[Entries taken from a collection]
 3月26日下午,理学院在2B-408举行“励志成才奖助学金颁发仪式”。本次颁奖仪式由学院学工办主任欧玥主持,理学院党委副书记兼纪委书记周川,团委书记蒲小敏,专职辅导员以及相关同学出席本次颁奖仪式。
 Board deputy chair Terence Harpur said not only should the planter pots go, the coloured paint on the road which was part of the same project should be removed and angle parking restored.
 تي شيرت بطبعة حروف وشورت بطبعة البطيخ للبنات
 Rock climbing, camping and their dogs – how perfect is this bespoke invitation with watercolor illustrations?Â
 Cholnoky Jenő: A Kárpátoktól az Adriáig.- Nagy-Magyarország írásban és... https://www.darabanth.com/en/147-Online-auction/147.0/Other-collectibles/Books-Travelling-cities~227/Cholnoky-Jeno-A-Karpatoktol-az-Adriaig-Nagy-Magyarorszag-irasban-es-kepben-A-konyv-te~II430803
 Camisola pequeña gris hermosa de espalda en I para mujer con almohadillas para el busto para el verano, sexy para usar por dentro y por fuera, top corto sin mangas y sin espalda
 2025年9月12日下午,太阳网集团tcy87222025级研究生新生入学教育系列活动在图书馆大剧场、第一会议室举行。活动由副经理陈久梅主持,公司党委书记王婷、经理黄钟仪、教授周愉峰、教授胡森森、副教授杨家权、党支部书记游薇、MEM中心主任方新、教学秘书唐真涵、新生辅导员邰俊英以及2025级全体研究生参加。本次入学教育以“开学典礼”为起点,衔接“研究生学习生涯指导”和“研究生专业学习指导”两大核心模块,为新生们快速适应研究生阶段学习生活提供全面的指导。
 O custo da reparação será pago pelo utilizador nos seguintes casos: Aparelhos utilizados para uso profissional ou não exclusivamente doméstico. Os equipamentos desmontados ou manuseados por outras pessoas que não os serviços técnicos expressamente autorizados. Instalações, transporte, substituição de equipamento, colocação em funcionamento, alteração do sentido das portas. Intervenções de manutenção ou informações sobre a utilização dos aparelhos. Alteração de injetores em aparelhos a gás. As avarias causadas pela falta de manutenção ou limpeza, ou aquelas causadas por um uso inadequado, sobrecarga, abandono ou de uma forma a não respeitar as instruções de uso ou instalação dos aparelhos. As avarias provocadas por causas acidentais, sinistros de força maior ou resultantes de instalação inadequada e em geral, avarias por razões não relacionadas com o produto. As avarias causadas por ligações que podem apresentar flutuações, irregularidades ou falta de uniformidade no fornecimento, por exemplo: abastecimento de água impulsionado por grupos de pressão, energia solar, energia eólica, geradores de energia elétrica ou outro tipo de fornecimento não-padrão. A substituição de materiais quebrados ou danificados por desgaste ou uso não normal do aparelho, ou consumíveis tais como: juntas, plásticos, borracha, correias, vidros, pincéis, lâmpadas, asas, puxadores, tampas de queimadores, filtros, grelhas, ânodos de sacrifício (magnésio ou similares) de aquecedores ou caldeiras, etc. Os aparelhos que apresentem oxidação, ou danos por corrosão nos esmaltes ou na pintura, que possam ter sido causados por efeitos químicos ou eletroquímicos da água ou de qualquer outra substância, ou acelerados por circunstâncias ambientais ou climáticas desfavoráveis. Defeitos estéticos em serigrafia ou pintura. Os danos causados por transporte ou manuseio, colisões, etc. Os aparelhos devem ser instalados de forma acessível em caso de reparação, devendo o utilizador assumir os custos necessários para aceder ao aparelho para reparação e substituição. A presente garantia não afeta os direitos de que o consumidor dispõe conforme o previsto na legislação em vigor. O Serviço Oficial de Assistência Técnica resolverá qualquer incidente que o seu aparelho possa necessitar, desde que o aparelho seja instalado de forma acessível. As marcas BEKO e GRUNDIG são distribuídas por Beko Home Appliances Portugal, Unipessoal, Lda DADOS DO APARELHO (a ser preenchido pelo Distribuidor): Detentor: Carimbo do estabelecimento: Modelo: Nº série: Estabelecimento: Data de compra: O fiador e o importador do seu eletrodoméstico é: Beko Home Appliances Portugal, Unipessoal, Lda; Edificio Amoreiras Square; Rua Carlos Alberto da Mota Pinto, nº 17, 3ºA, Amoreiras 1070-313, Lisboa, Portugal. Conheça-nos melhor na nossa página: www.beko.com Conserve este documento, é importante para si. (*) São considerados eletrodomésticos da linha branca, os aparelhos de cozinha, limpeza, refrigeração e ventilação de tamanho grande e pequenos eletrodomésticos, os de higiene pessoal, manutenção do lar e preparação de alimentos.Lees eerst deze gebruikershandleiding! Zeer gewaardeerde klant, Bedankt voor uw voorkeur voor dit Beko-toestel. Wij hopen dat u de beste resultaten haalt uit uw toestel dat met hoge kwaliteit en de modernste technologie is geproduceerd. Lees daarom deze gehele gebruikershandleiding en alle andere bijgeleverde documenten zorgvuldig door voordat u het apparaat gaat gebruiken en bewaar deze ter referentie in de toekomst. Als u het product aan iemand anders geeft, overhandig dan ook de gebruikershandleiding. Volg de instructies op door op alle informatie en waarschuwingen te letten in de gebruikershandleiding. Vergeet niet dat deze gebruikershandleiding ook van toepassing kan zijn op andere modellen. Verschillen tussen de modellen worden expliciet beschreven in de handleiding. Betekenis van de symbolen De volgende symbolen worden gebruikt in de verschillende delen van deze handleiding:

[Task directions] Give back precisely the lines above that start at the line containing "Camisola pequeña gris" and end at the line containing "2025年9月12日下午,太", inclusive. No other lines belong in the output.

[Solution to this exercise]
 Camisola pequeña gris hermosa de espalda en I para mujer con almohadillas para el busto para el verano, sexy para usar por dentro y por fuera, top corto sin mangas y sin espalda
 2025年9月12日下午,太阳网集团tcy87222025级研究生新生入学教育系列活动在图书馆大剧场、第一会议室举行。活动由副经理陈久梅主持,公司党委书记王婷、经理黄钟仪、教授周愉峰、教授胡森森、副教授杨家权、党支部书记游薇、MEM中心主任方新、教学秘书唐真涵、新生辅导员邰俊英以及2025级全体研究生参加。本次入学教育以“开学典礼”为起点,衔接“研究生学习生涯指导”和“研究生专业学习指导”两大核心模块,为新生们快速适应研究生阶段学习生活提供全面的指导。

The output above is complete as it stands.